A slightly more detailed description can be found in the changelog on the forum.


This update incorporates critical security fixes back-ported from Firefox 16.0.2 (MFSA 2012-90)


This is an update to address a number of performance, stability and security issues, as well as some added features.

  • Important performance regression fix.
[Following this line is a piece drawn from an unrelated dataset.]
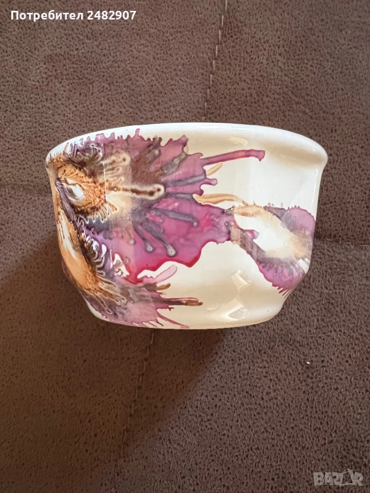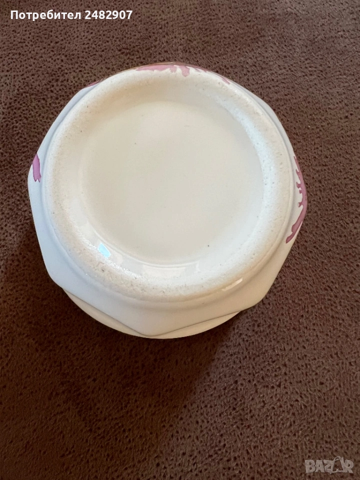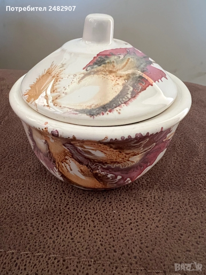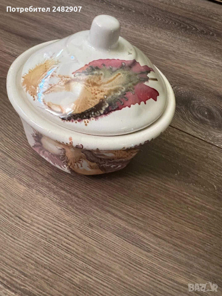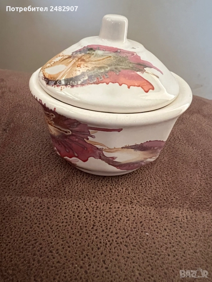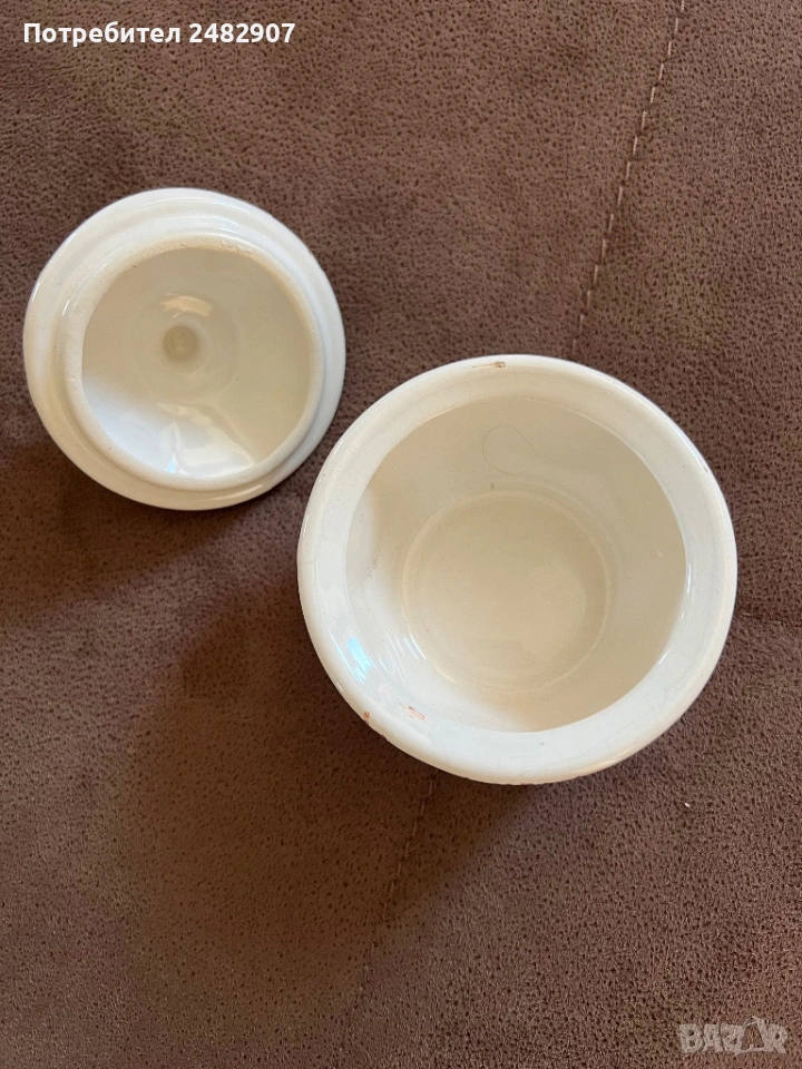Много стара порцеланова захарница с капаче - глазирана. Диаметър в долната част - 6,5 см, диаметър в горната част - 10 см, височина - 6 см, височина от долу до горната част на капачето - около 10 см. Чисто нова, не е използвана, много красива.

Both javascript and the layout engine should now have the speed and stability that is to be expected from an optimized browser.
  • Fix for the "tabs on top" menu entry not showing when tabs are already set on top, making it very difficult to switch them back to bottom.
  • Crash: Fix for a browser crash with certain types of invalid gradients. (bug #792903)
  • Security: Prevent private browsing data leakage through popup windows (bug #795015)
  • Security: Detect IC purging (bug #794025)
  • Security: Prevent mRules from dying in DoInsertHTMLWithContext (bug #788950)
  • Security: Drain the parent frame's overflow list before insert/append (bug #765621)
  • Redesigned the identity panel and the way secure sites are handled in the UI
    You will now always get the favicon in the address bar, and on secure sites you will have an added padlock (indicating ssl, extended verification or a broken/insecure/mixed-content site) to the identity panel and colored shading around the URL to indicate the status. (see detailed changelog)
  • After evaluating the new address bar autocomplete algorithm, it is now switched on by default.
  • Added an option to easily switch address autocompletion on or off (see detailed changelog)
  • Partial implementation of Japanese "status bar" preferences text
More details can be found in the detailed changelog on the Pale Moon forum.


This is a minor update to address some important performance (high CPU usage) and stability (browser hang) issues in Pale Moon 15.1. Specifically, some of Tete009's patches were backed out.
Azure acceleration with his patches is still in place, but the multi-threaded box blur and cairo patches were removed to fix the CPU and browser hang issues, respectively.


This is a major update to the new v15.0 release, to address a fairly large number of issues with the initial version.

Important note:
  • From this release onwards, the system requirements for your operating system have changed: If you are still running Windows XP, you are required to have Service Pack 3 installed on it, or the browser will not start.
  • Restore Windows XP Professional x64 compatibility in the installer.
  • Fix the mouse wheel smooth scrolling preferences in the preferences dialog box (did not work in v15.0)
  • Prevent memory inflation on some integrated graphics drivers in canvas games
  • Fix for private browsing mode (Firefox 15.0.1 top fix)
  • Fix for Javascript stability issues on 32-bit versions
Regression fixes:
  • Restore the favicon in the URL bar. (Behavior change: new logic)
  • Fix for top level images with transparency (white background)
  • Remove noise from top level image background
  • Undo the redesign of the Safe Mode dialog box
  • Restore Alt-Click save dialog box
  • Restore proper identity panel for domain-verified sites (blue panel)
  • Restore support for the browser.identity.ssl_domain_display setting
  • Restore address bar autofill preference to its desired default state (no autofill)
Added features:
  • Add control for a custom top level image background color
  • Implement Direct2D brush caching (performance win)
  • Implement multi-threaded box blur (performance win for multi-core systems)
  • Add a Profile Reset feature (from Help -> Troubleshooting information)
  • Build with a faster floating point method
To keep these release notes concise, this is just a plain list of changes. You are encouraged to read the extended changelog post on the Pale Moon forum if you have any questions or want clarification about any of the items mentioned.


This is a new release based on the Gecko 15.0 code base with additional branch development. It incorporates many changes under the hood that go far beyond the scope of this document.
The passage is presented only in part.